ANSWER: We deploy several Must Use plugins for WordPress meaning that our clients are not able to delete or disable these plugins on their website. The concept of Must Use plugins was originally based on WordPress Multi User (MU) where multiple websites are setup on the same database; for easier management, the
mu-plugins directory is created under
wp-content and any plugins in the folder get loaded “first” before all other “normal” WordPress plugins. We have carefully chosen the below Must Use plugins to ensure there is no negative affect on frontend performance (i.e. CPU/RAM, etc).
The reason we use this feature (as do many WordPress-focused web hosts) is that we feel these plugins are an essential part of our speed, stability, and security goals for our hosting environment:
0. Bedrock Autoloader: Any time you are using Must Use plugins, they either cannot be inside of child directories like “normal” plugins or you must use an autoloader script to load each plugin directory (emulating “normal” plugin functionality).
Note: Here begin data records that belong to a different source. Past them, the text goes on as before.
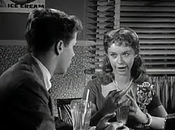 196. "Wally's Dinner Date" (September 27, 1962) -- This is an episode I find myself watching over and over again. I just love it. Wally discovers that he's a little short in the cash department after agreeing to take Julie Foster to a fancy restaurant for dinner. (Julie is played by the very cute Cheryl Holdridge, who also played the part of another one of Wally's female interests earlier in the series, Gloria Cusick.) The price of a bowl of soup at "The White Fox" (80 cents) has Wally practically hitting the ceiling. Luckily, though, Wally has a very understanding dad, who is willing to advance Wally fifteen dollars. .... EDDIE: "No girl in the world is going to settle for a liquid diet."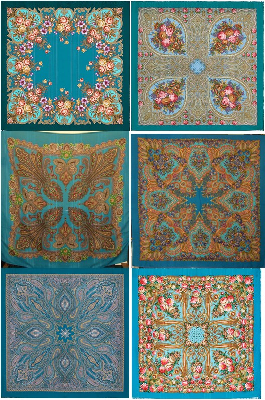 Пыталась сравнить бирюзовые платочки, и что-то мало их набралось ... размер 89 см я не учитывала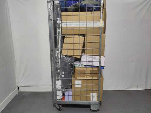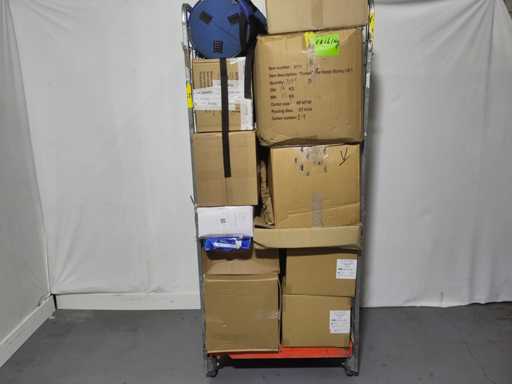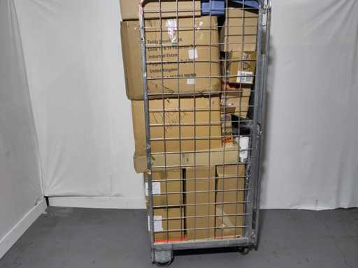 Volle rolcontainer met voornamelijk overstock, overbevindingen, retouren. Rolcontainer niet inbegrepen.
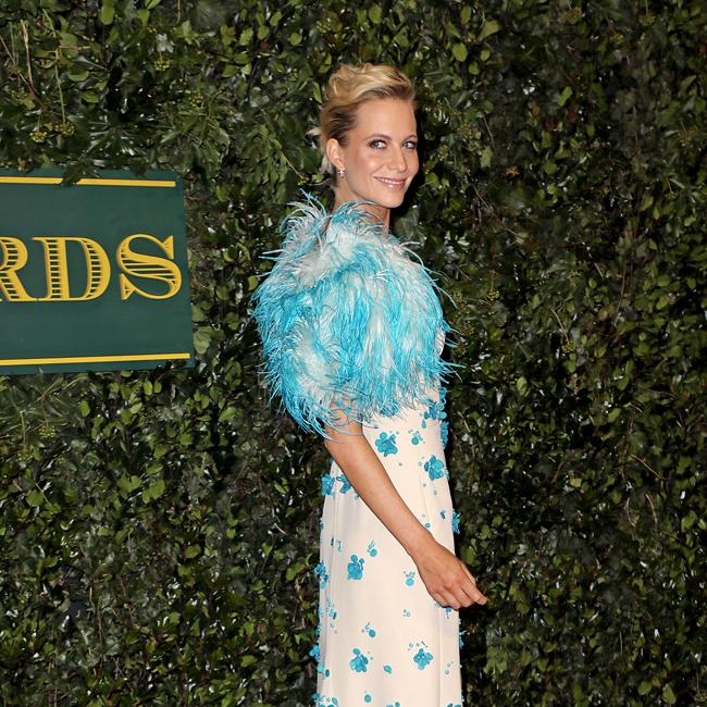 Poppy Delevingne put on a colourful display in a white dress with a delicate aqua-coloured flowers attached to it and a matching fluffy bolero.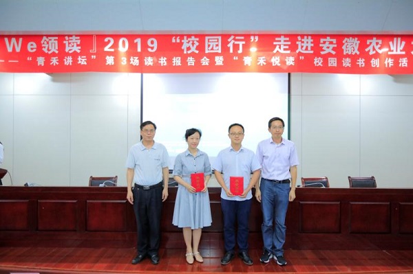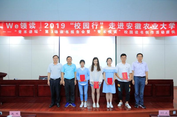 本网讯6月18日晚,由校图书馆、校团委、人文社会科学学院主办,图书馆新媒体团队、图书馆学生服务中心团队、图书馆微传媒团队、青禾悦读推广团队协办,WE领读承办的『We领读』2019“校园行”走进安徽农业大学——“青禾讲坛”第3场读书报告会暨“青禾悦读”校园读书创作活动颁奖仪式在校图书馆第2学术报告厅圆满举行。『We领读』总策划赵媚,『We领读』领读者、中国科技大学管理学院院长助理赵征博士,『We领读』学术顾问、中国科技大学出版社副编审杨振宁,『We领读』领读者、新华网安徽频道总经理助理鲁金茗,我校相关单位负责人等出席本次活动。校图书馆馆长吴文革为本次活动致辞。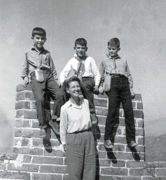 20世紀(jì)60年代,伊莎白(前)帶孩子們爬長(zhǎng)城。后排中為柯馬凱。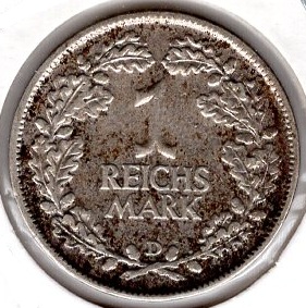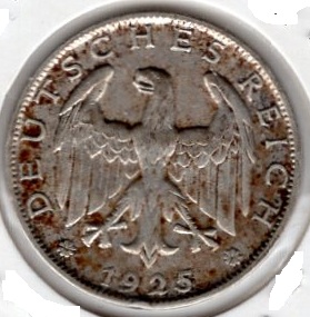 1 Mark 1925 A Weimar Republic Silver Coin Catalog Number: Jaeger 319 Material: Silver Weight: 4.92 g Fineness: 500 ‰ (fine weight: 2.46 g) Diameter: 22.60 mm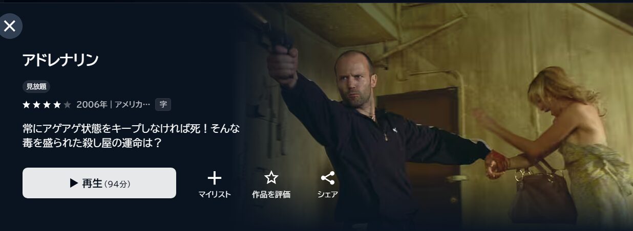 U-NEXTで映画「アドレナリン」の配信をフル視聴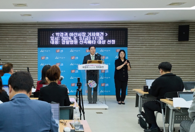박 시장은 이날 시청 중회의실에서 기자회견을 열고 “아산 경찰병원 건립 사업이 지난 2일 기획재정부의 ‘2024년 제3차 재정사업평가위원회’를 통과해 신속예타 사업으로 선정됐다”며 이같이 밝혔다.

We use this awesome autoloader script released by the folks at Roots :)
1. Better Search Replace: One of the best plugins around for searching strings in your database and replacing them from directly within your WP Admin panel. Because this is one of the most frequently used tools of our support team, and one of the most often recommended to our clients, we decided to include it as a Must Use plugin.
2. CloudFlare: By far the most important plugin for our setup, as we require all our managed hosting clients to point their domain’s nameservers at our agency CloudFlare account for DNS management. Without this plugin, visitor IP addresses might not be reported correctly in your analytics, and there would also be no way for your developers to enable ‘dev’ mode which is extremely important in order to clear your site’s caches after making design changes.
5. Disable XML-RPC: By far one of the things we hate most about WordPress currently is XML-RPC, which is enabled by default, and of which we have been vocal critics of for quite a while now. For years now, it has been the #1 most hacked and attacked feature in WordPress, and its only true use is for things like Pingbacks, Trackbacks, and remote logins, all of which 99% of WordPress websites either NEVER use or SHOULD NEVER use. Of course, this plugin does not go far enough to prevent XML-RPC attacks, but at least its a good start along with other methods that we employ.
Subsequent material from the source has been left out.